Instructions to follow: Please output exactly the lines below, starting at the line that has "This lesson will" and ending at the line that has "2026第一季度微博zzp排", both included; leave out all pictures and include nothing else.

Data listing:
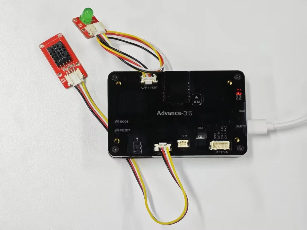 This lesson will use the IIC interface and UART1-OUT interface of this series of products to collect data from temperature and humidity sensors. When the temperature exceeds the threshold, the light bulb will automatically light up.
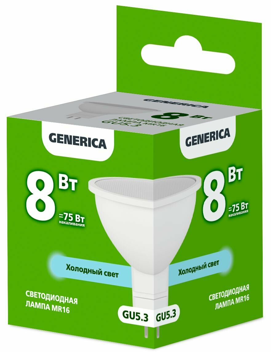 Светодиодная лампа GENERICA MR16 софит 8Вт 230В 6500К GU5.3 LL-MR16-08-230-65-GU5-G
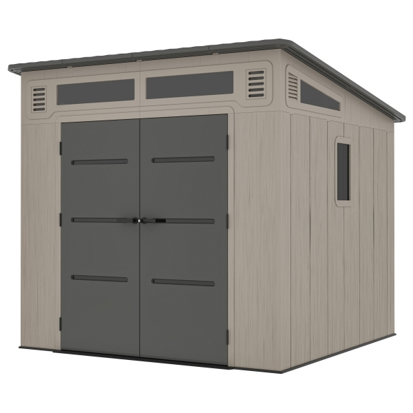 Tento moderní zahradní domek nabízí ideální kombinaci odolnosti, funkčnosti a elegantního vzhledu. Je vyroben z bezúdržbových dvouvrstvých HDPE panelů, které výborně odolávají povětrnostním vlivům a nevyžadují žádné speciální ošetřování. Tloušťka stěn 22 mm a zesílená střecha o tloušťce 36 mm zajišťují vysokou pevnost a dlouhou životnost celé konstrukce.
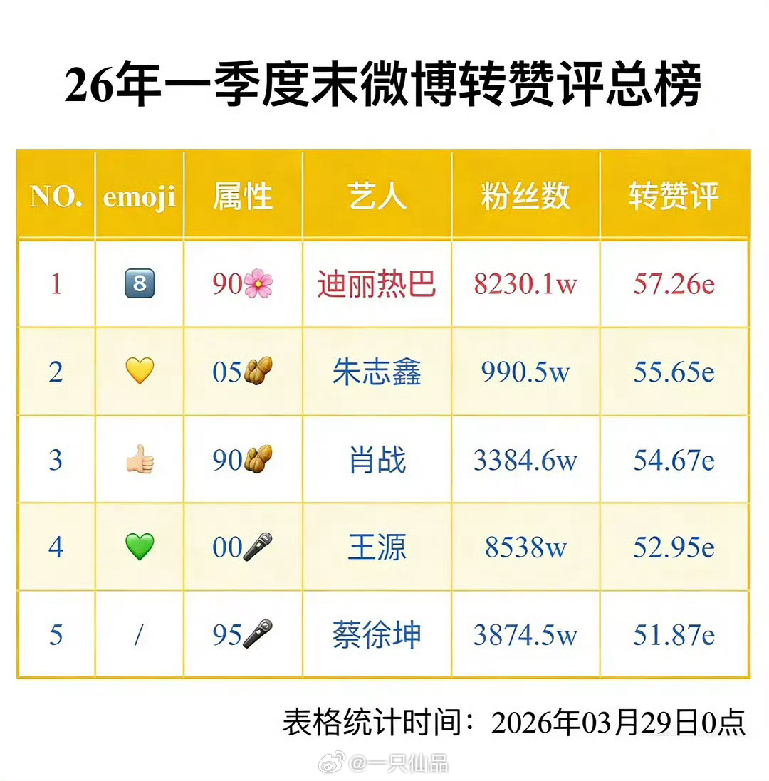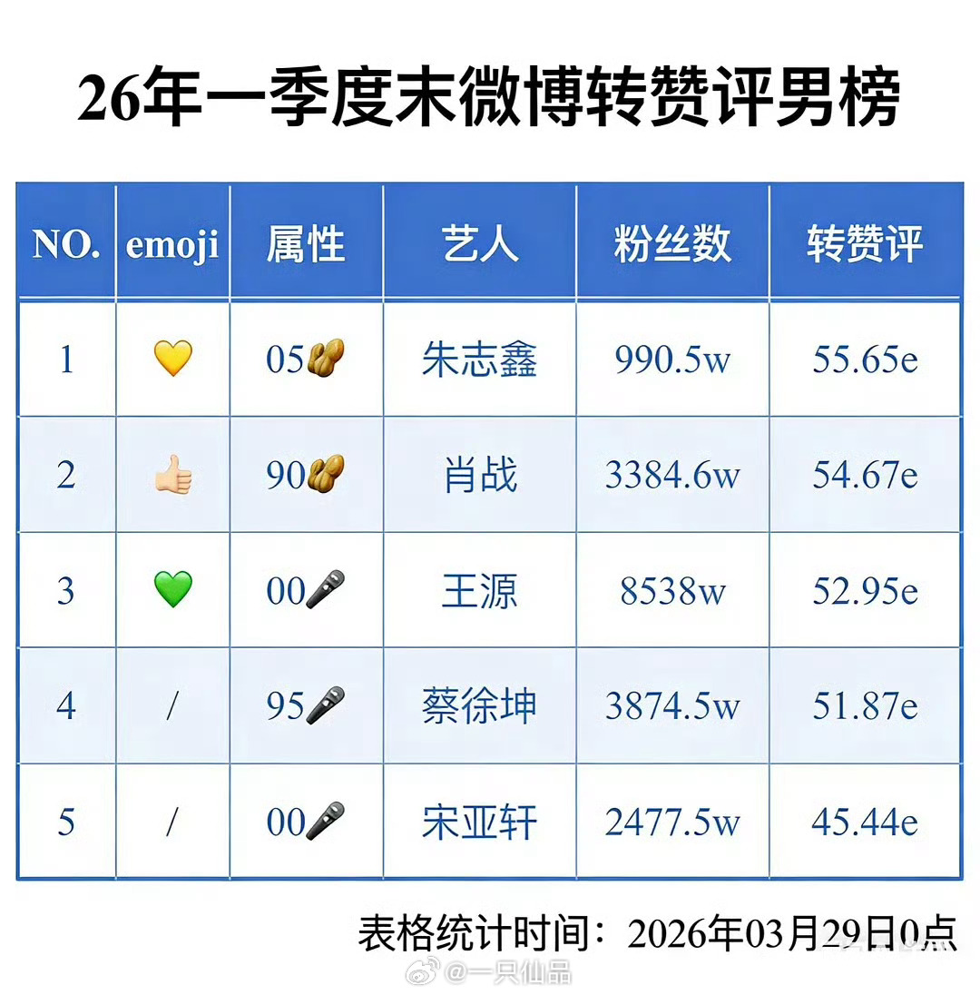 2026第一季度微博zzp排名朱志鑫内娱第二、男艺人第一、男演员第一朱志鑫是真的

* * *

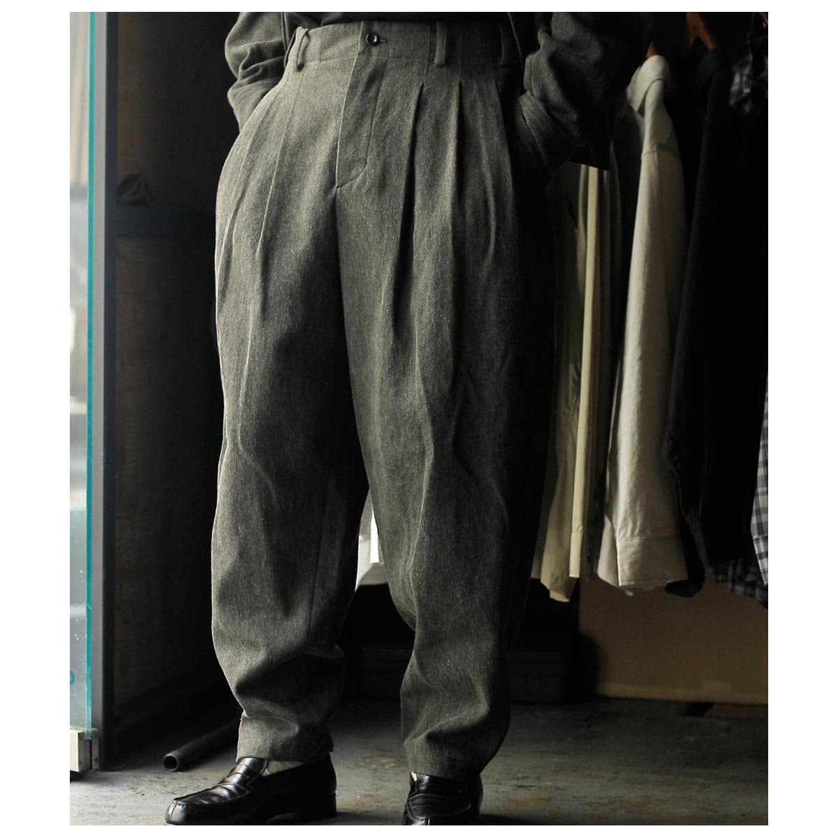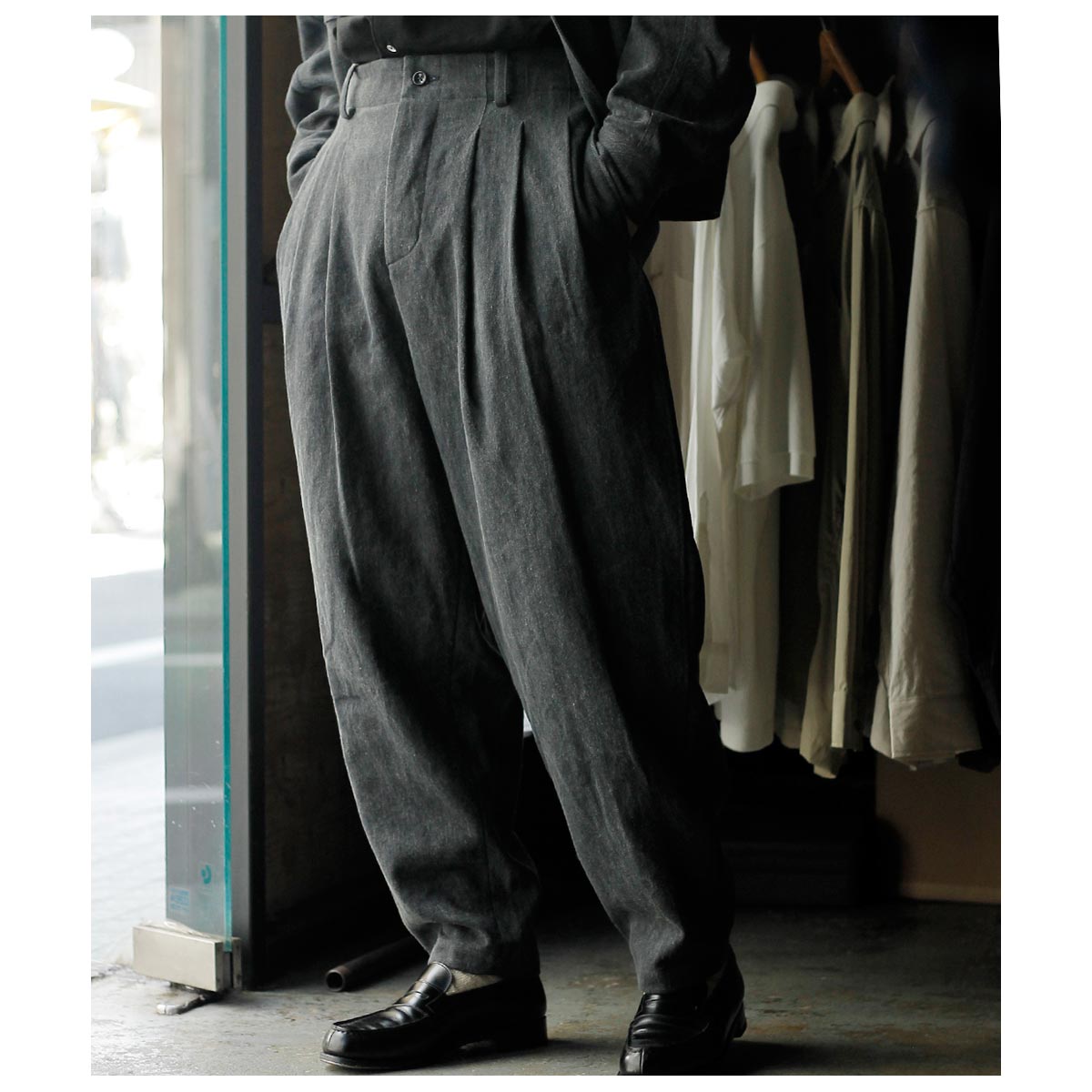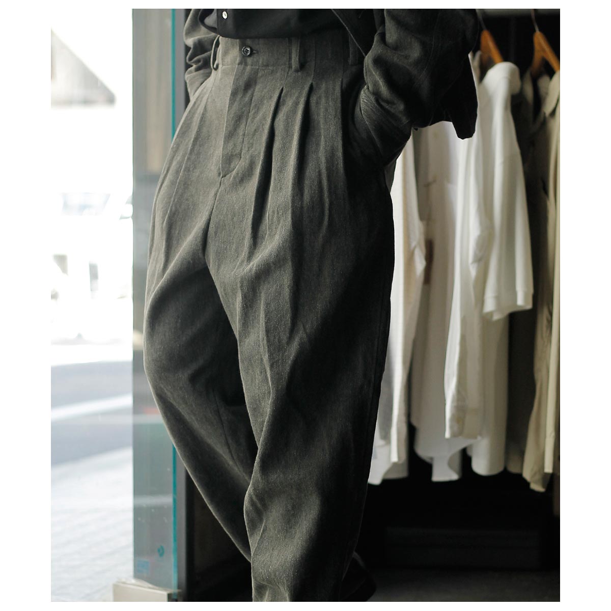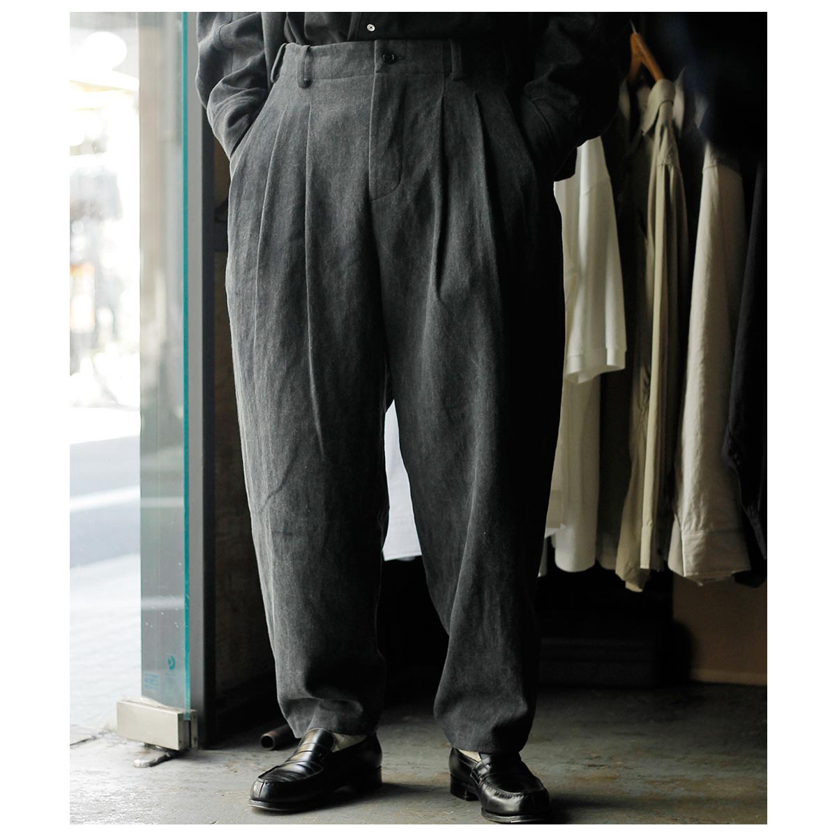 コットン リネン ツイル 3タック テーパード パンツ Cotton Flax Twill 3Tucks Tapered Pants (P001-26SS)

Expected answer:
 This lesson will use the IIC interface and UART1-OUT interface of this series of products to collect data from temperature and humidity sensors. When the temperature exceeds the threshold, the light bulb will automatically light up.
 Светодиодная лампа GENERICA MR16 софит 8Вт 230В 6500К GU5.3 LL-MR16-08-230-65-GU5-G
 Tento moderní zahradní domek nabízí ideální kombinaci odolnosti, funkčnosti a elegantního vzhledu. Je vyroben z bezúdržbových dvouvrstvých HDPE panelů, které výborně odolávají povětrnostním vlivům a nevyžadují žádné speciální ošetřování. Tloušťka stěn 22 mm a zesílená střecha o tloušťce 36 mm zajišťují vysokou pevnost a dlouhou životnost celé konstrukce.
 2026第一季度微博zzp排名朱志鑫内娱第二、男艺人第一、男演员第一朱志鑫是真的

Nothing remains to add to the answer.